◆ INFORMATION SUPPLIED ◆
* * * * *
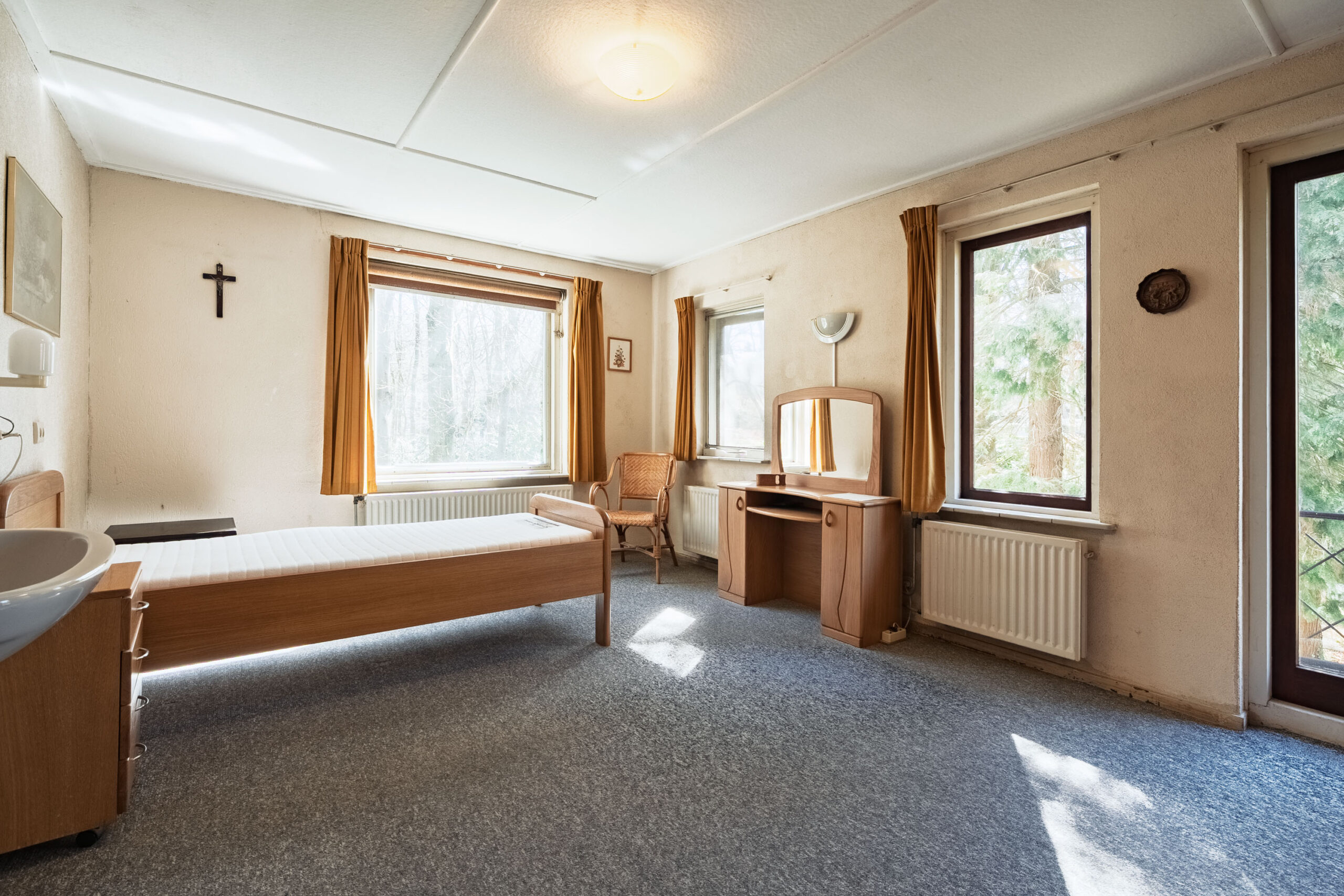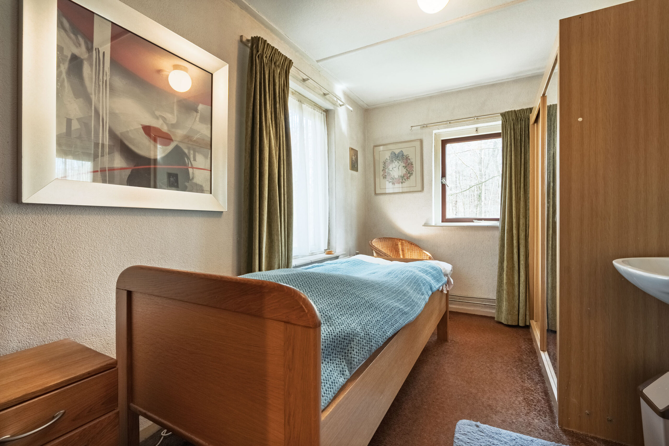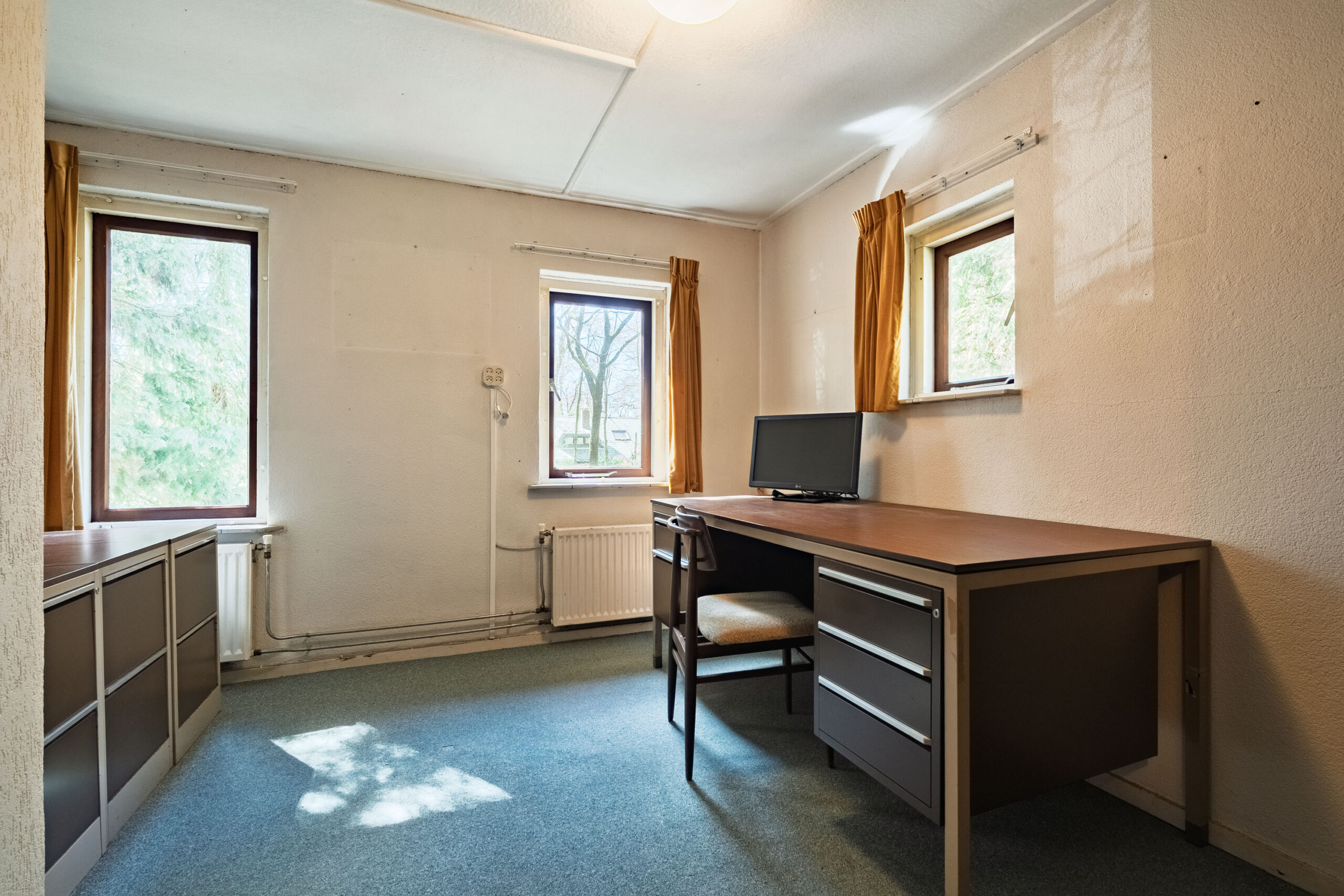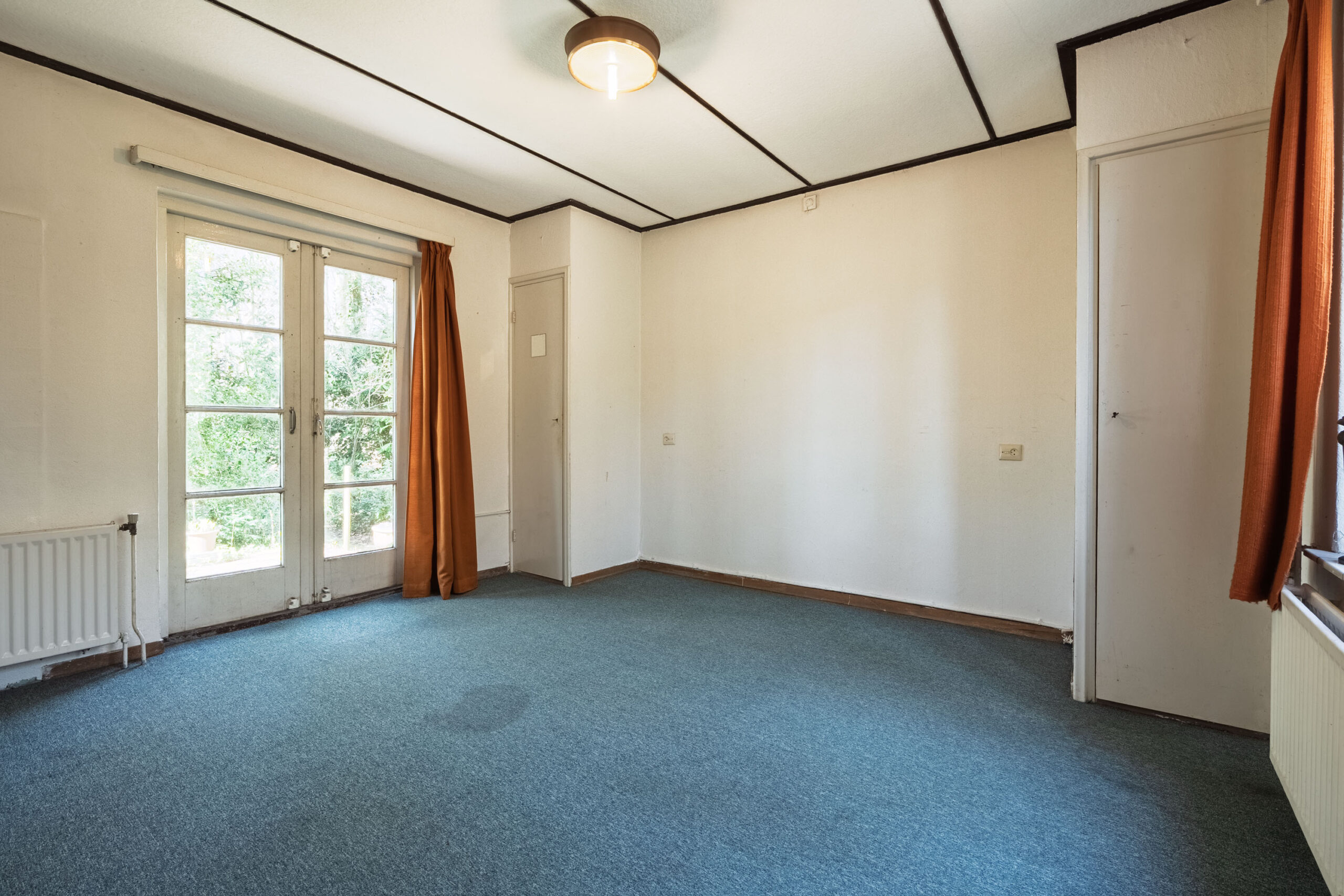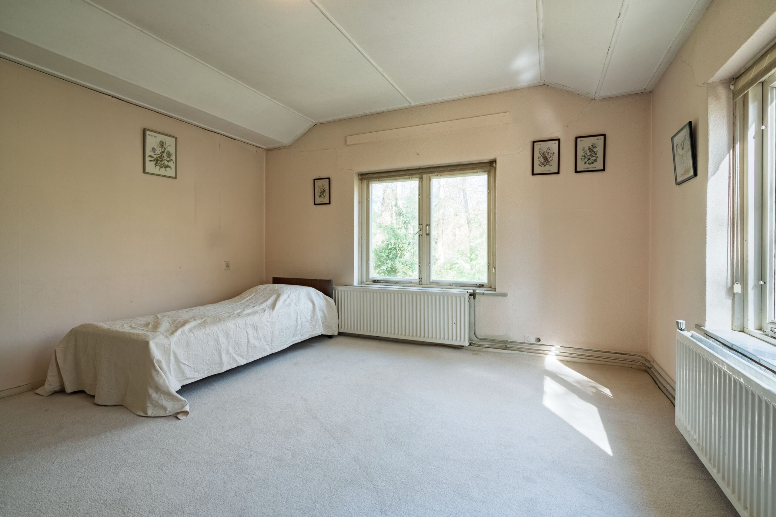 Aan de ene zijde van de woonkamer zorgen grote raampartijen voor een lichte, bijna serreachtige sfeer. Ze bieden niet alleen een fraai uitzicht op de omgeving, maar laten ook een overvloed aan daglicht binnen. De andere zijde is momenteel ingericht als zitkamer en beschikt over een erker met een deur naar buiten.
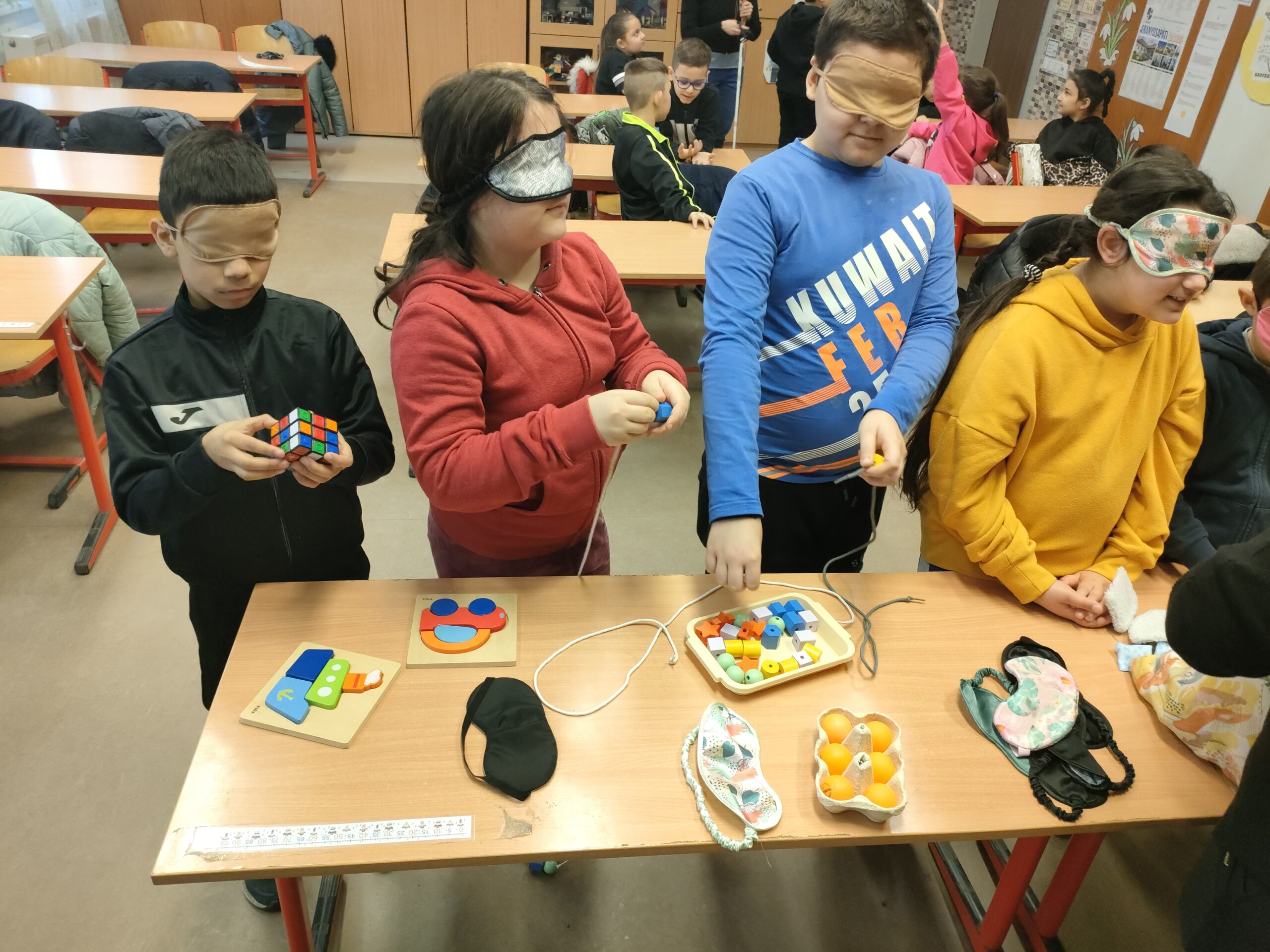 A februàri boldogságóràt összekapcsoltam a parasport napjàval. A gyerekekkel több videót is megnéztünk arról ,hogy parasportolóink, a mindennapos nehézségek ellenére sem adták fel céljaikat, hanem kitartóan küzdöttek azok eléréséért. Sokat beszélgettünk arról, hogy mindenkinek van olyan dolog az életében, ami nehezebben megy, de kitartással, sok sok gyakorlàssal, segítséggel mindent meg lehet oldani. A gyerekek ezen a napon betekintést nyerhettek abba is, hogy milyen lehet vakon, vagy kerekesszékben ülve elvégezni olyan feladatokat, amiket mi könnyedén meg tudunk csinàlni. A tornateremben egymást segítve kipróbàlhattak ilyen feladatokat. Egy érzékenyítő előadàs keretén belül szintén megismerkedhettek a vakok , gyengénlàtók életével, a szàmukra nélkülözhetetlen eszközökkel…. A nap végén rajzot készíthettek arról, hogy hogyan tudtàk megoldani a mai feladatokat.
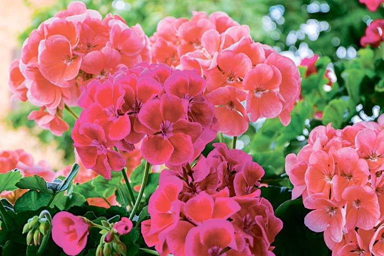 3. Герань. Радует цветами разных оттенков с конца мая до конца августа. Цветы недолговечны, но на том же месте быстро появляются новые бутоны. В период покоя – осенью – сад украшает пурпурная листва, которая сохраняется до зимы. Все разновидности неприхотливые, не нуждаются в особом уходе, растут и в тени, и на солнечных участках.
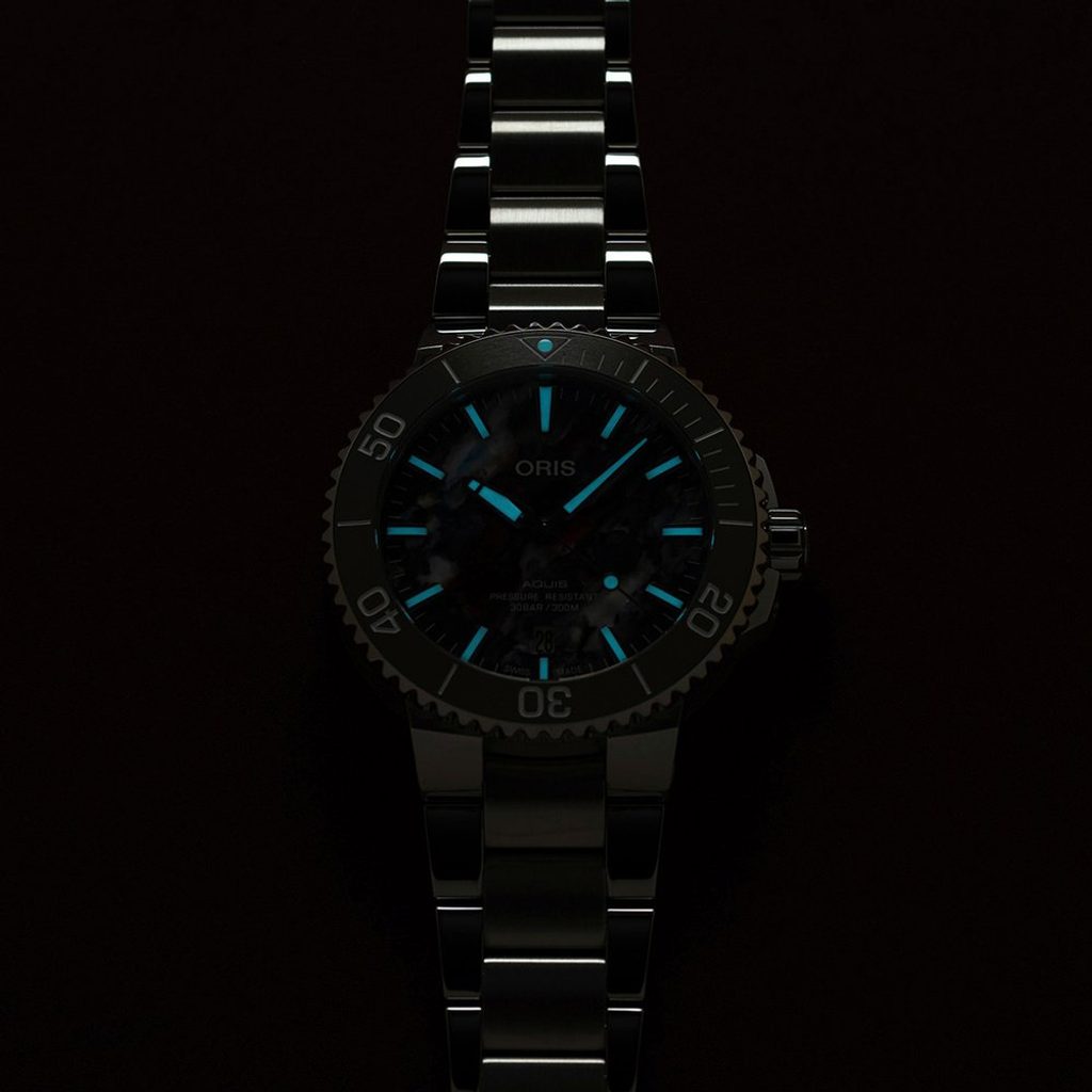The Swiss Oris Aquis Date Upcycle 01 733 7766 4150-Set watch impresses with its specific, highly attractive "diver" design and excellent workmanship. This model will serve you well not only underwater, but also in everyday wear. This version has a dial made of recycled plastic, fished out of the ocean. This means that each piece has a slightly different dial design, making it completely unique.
* * * * *
The required output is an exact copy of the lines from the start of the material above through the line containing "A februàri boldogságóràt", inclusive, with no pictures in it.

◆ ANSWER BOX ◆
 Aan de ene zijde van de woonkamer zorgen grote raampartijen voor een lichte, bijna serreachtige sfeer. Ze bieden niet alleen een fraai uitzicht op de omgeving, maar laten ook een overvloed aan daglicht binnen. De andere zijde is momenteel ingericht als zitkamer en beschikt over een erker met een deur naar buiten.
 A februàri boldogságóràt összekapcsoltam a parasport napjàval. A gyerekekkel több videót is megnéztünk arról ,hogy parasportolóink, a mindennapos nehézségek ellenére sem adták fel céljaikat, hanem kitartóan küzdöttek azok eléréséért. Sokat beszélgettünk arról, hogy mindenkinek van olyan dolog az életében, ami nehezebben megy, de kitartással, sok sok gyakorlàssal, segítséggel mindent meg lehet oldani. A gyerekek ezen a napon betekintést nyerhettek abba is, hogy milyen lehet vakon, vagy kerekesszékben ülve elvégezni olyan feladatokat, amiket mi könnyedén meg tudunk csinàlni. A tornateremben egymást segítve kipróbàlhattak ilyen feladatokat. Egy érzékenyítő előadàs keretén belül szintén megismerkedhettek a vakok , gyengénlàtók életével, a szàmukra nélkülözhetetlen eszközökkel…. A nap végén rajzot készíthettek arról, hogy hogyan tudtàk megoldani a mai feladatokat.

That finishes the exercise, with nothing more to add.